Я стараюсь отвлечься, но и книги попадаются странные, мрачные — "Тереза Ракэн" Золя, "Мелкий бес" Сологуба. Над городом — жаркие дни, как в пустыне. Няня тихонько плачет, водя по простыне утюгом, вспоминает Алёшу. Старший с детьми во дворе. Как ласточкины их крики! Только Алёши нет…
Чем дальше жить без денег? Пока ещё московские запасы. Скачки цен. В городе нищета и не сдающееся на жалость богатство. Начало гражданской войны.
Человек, ждущий в гости, — старый друг. Звал очень. Никто из друзей с ней не говорит о её несчастьях. Обещания о работе. У стенки иду вдоль моря.

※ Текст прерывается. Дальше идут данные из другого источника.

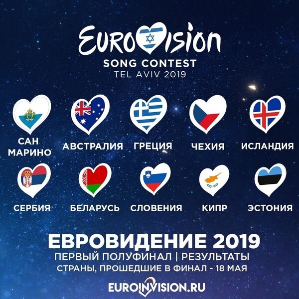 14 мая стартовало Евровидение 2019. По итогам первого полуфинала прошли: Австралия, Беларусь, Греция, Исландия, Кипр, Сан-Марино, Сербия, Словения, Чехия, Эстония. За бортом остались: Бельгия, Венгрия, Грузия, Польша, Португалия, Финляндия, Черногория. Второй полуфинал был поинтересней, в котором выступал наш россиянин. В итоге в финал прошли: Азербайджан, Албания, Дания, Мальта, Нидерланды, Норвегия, Россия, Сев. Македония, Швейцария, Швеция. За бортом оказались: Австрия, Армения, Ирландия, Латвия, Литва, Молдова, Румыния, Хорватия. Интрига этого Евровидения просто зашкаливает! Ещё в январе на победу Сергея Лазарева с песней "Scream" кф был 3,50. Фаворит по мнению букмекеров. Успел даже поставить 10 000 рублей, думал кф упадёт ещё больше к началу, но нет! Вырос до 17!!! 17 КАРЛ! Сейчас же, неожиданно делают главным фаворитом голландского музыканта-певца (Дункан Лоуренс) с песней Arcade. Кф после полуфиналов с 3,50 упал до 1,70. Перевод песни Arcade словами самого Дункана: Любовь мо

Ника писала, все боря странное чувство. Оно и на бумагу выходило. Не хотело перо — писать Морицу "я", "мне", "меня", оно ошибалось упорно: "она", "ей", "её", и она перечеркивала. Она вдруг остановила себя: зачем я борю себя? Значит, так над о… И, перевернув лист, она дала руке водить перо — как руке, душе и перу было легче. Может быть, так легче писать? Да, свободней. И было в этом — правда; с тех лет прошло столько всего, с дней Сережиных четырех лет, Ника честно будет писать — "она"…
ГЛАВА 3
АНДРЕЙ
Когда она вошла в знакомую квартирку друзей высоко над морем, в Феодосии, в теплый уют гравюр в овале, багет рам, заботливо собранной на толчке старины, бисерных мелочей, золочёных чашечек в объятия ещё более золотых, как пруд, блюдец, на полках, сияющих перламутром рядом с мертвенною желтизной слоновой кости, ветер колебал шторы и ползучие стебли растений, висящих в горшочках у окон. Гудела сирена. В комнате шел жаркий разговор о последних известиях. Будь живы её сын, её муж — все бы звучало. Когда рухнули эти два её мира, казалось, почти естественно, что мир и кругом — рушится. Тупое равнодушие к чужому горю. Свое заслонило все. Зачем фарфор золочёной вазы, ненужной?
Хозяин, пожилой грек, встал ей навстречу. Белый китель, черные усы. Он только хотел усадить её, когда ему пришлось обернуться к другой двери: в комнату выходил юноша, скорее, казалось, мальчик, лет семнадцати, щегольски одетый, со СТЭКОМ.